In a nutshell, Credit Insurance exists to protect businesses from non-payment of invoices, and can be a useful tool in helping to develop trust relationships with new overseas selling partners. My first experience of the value of credit insurance came when I started work as Export Sales Manager for a textile company. Our biggest ‘export’ customer was a distributor in Ireland who had really enjoyed a life of Reilly for some time, stretching payment terms and exceeding their insured credit limit, and generally giving my predecessor the runaround. Well as a new kid on the block you want to start with a clean slate don’t you? I looked at each export account and quickly realised that our biggest export customer was also our biggest export problem!

So when they wanted their next order to be released I blocked it, refusing to allow any goods to move out of our warehouse in their direction until they had paid out sufficient invoices to bring their account back within the terms of the credit insurance cover that Atradius provided.
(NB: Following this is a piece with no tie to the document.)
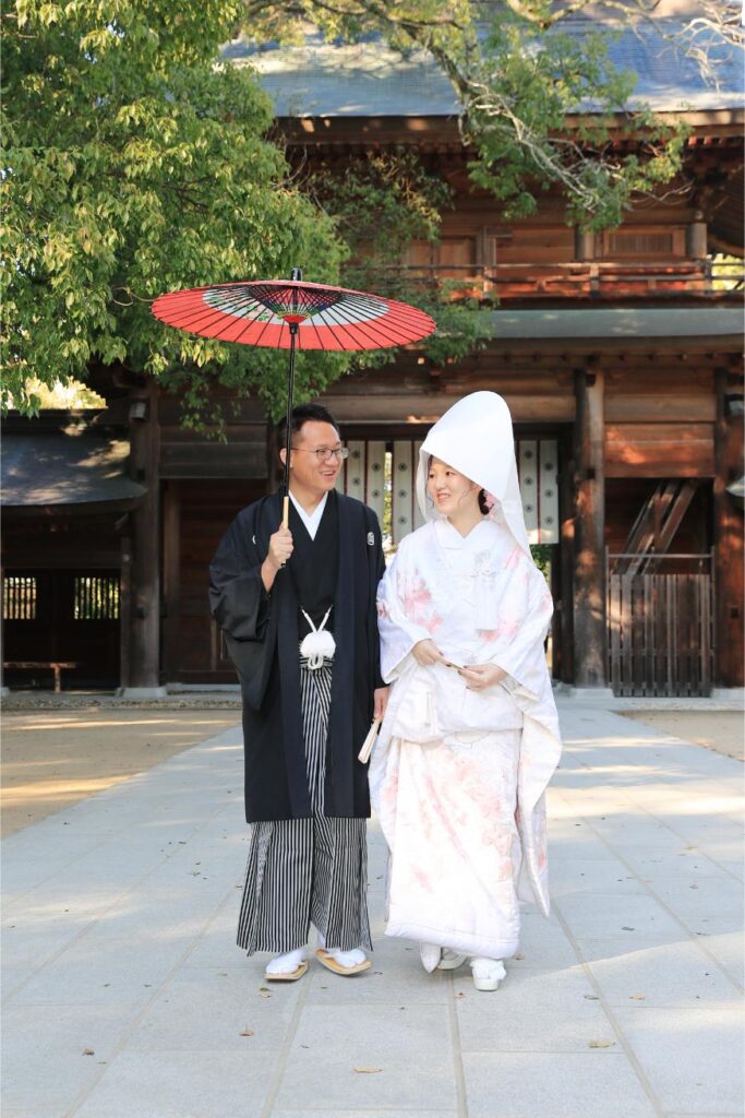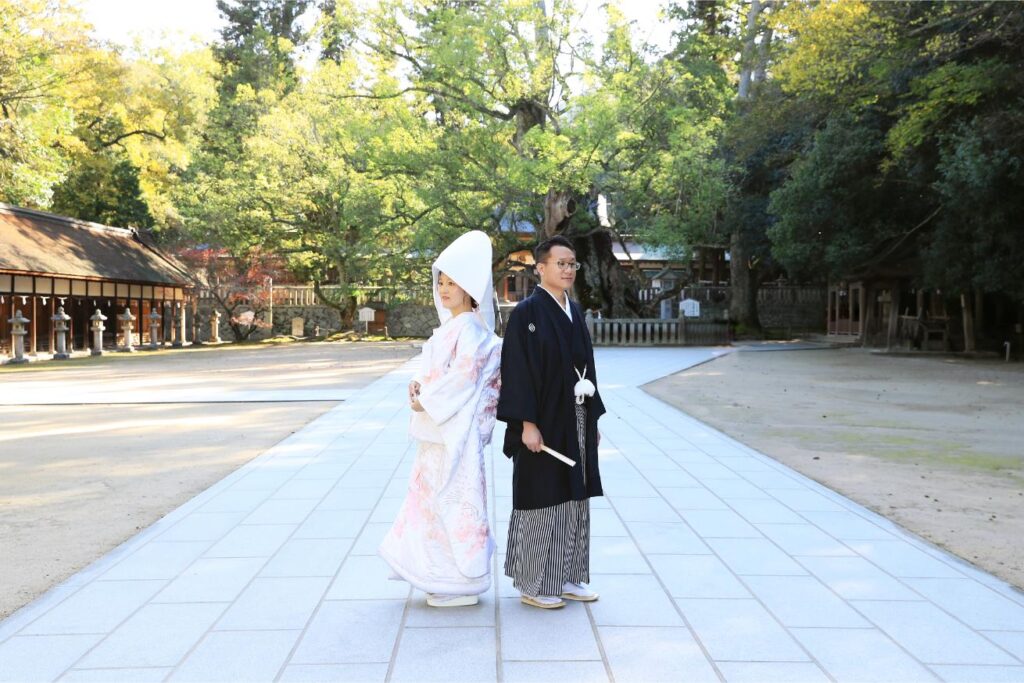 挙式後に境内で撮影

It can be quite funny, if also a little sad, listening to excuses and promises when somebody knows they’ve been rumbled, and it was all hot air and a waste of telephone time, because in the end the goods were not going anywhere until the money was paid.
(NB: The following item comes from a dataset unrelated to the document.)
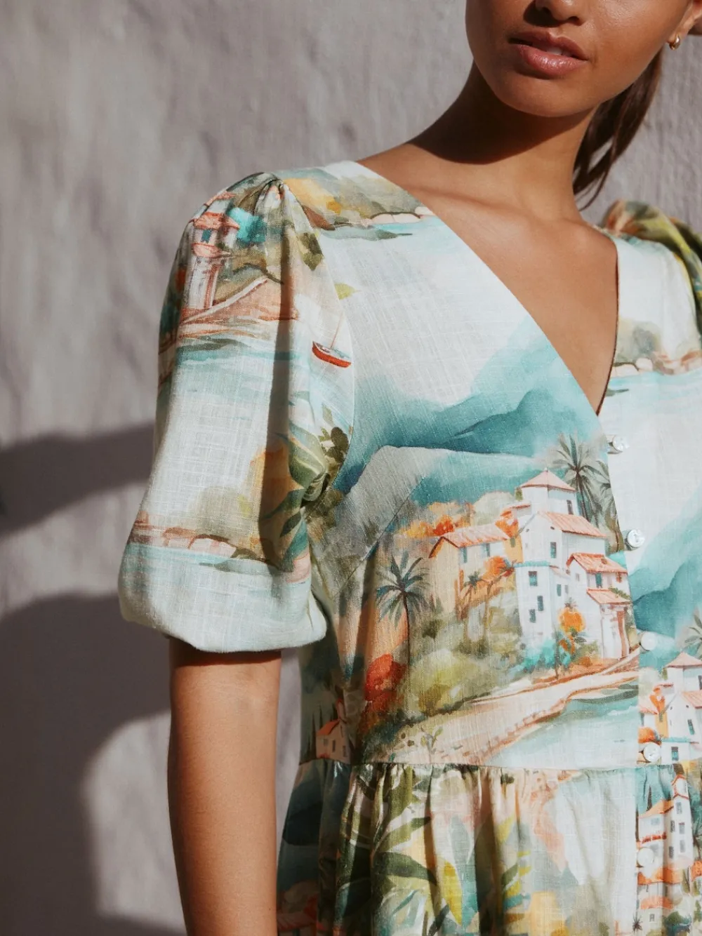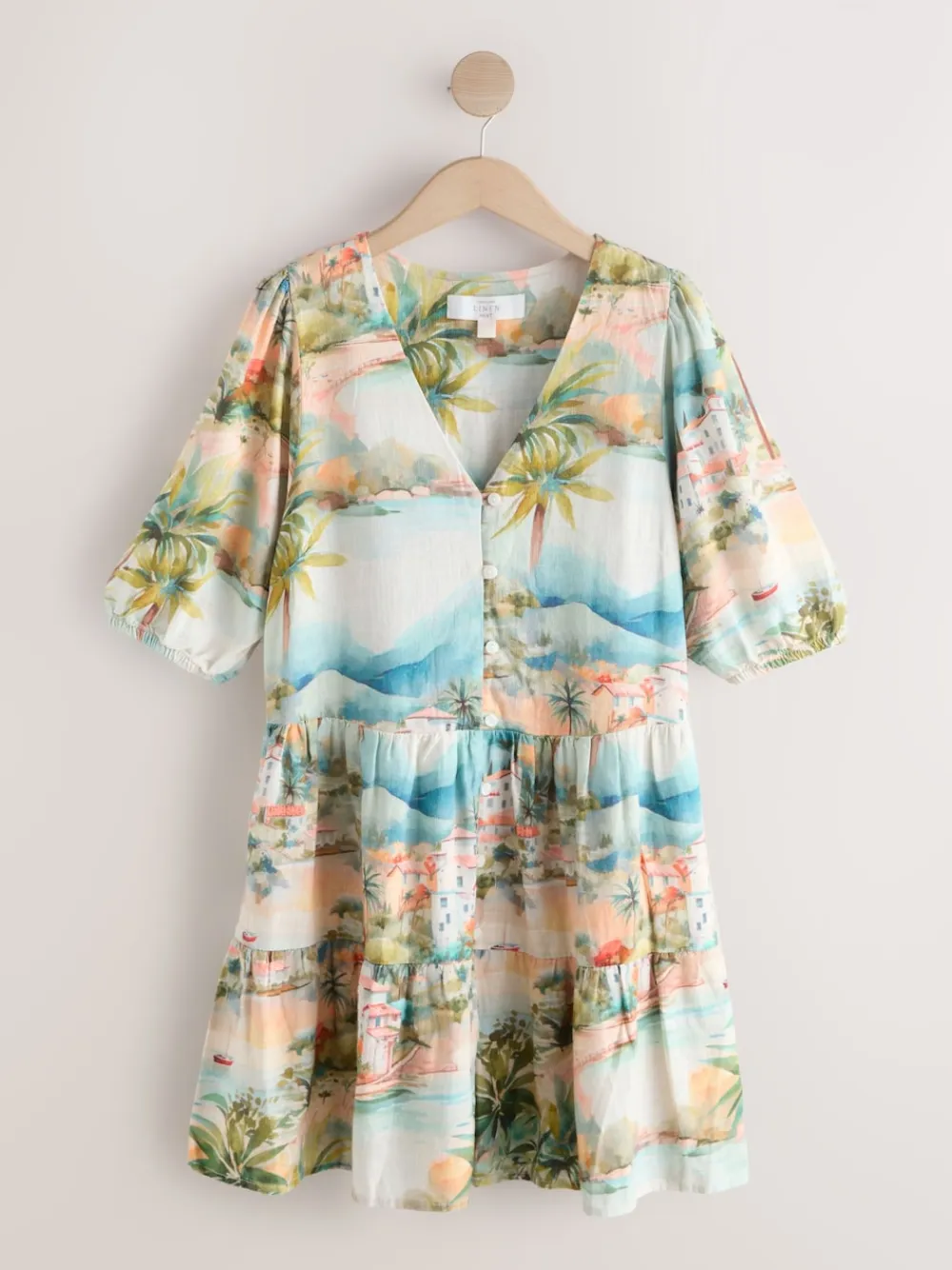 Slip into holiday mode with this dreamy printed dress. Its soft, flowy linen blend fabric and easy tiered silhouette make it your go-to piece for sunset strolls or seaside lunches. Light, comfortable, and complete with a flattering V-neckline and functional side pockets. Short sleeves Button through Tiered mini dress Linen blend Pockets Regular side neck to hem 34″ / 86cm. Machine washable. 70% TENCEL™ lyocell, 30% Linen. Items with the curve logo are available in sizes 18 and above., Our tall collection is designed to fit women 5’10” and above. This has been proportionally increased through the body, leg and sleeve to achieve the perfect fit. Available in sizes 8-20.

Those decisions pretty well finished the relationship with the distributor because they had been biting off more than they could chew with large Irish contracts for far too long, so I had some hairy moments explaining that away while simultaneously spreading the risk across a larger number of more reliable selling partners. However, because I had forced the issue and ensured that payments were back within agreed limits, when the company finally did go bang the following year, Atradius paid out 85% of our exposure – significantly better than the alternative!

Each company has to make its own judgement as to whether or not credit insurance is right for them. Some prefer to self-insure or to provide open account facilities because they know well the reputations of their selling partners. Some might opt for the security of payment by Letter of Credit (LC) for larger orders. Others prefer to be paid in advance because they do not have sufficient trust in their selling partners. Experience teaches us that there is no single right answer, therefore I have tended to apply for credit insurance cover when I have felt it is needed, and also to give new distributors a little flexibility in order to demonstrate payment performance.

I worked very successfully with a Turkish distributor for a number of years. At first, payment terms were payment either in advance or by LC. As the relationship built and strengthened, and because we could not obtain credit insurance at that time, we agreed a £10,000 open account limit so that the distributor could take smaller, regular orders, with all remaining orders being paid for by LC. After three years of successful trading and on time payments, the open account limit was increased and we were able to achieve a small amount of credit insurance cover. The insurers looked at the usual criteria of country risk, company risk, etc., but also at the way the account had been managed between ourselves and the distributor. By building a relationship with the credit insurer we were able to give them the confidence that offering limited cover was worth their risk. 

That illustrates one incidence where initial refusal by the credit insurer did not necessarily reflect on the distributor’s willingness or ability to pay their bills on time. It is very important to note that credit insurance can be refused for a whole variety of reasons, and that decisions can change according to political and economic circumstances, and individual company performance. I was once refused credit insurance on a French distributor who the company had been working with for many years before I joined.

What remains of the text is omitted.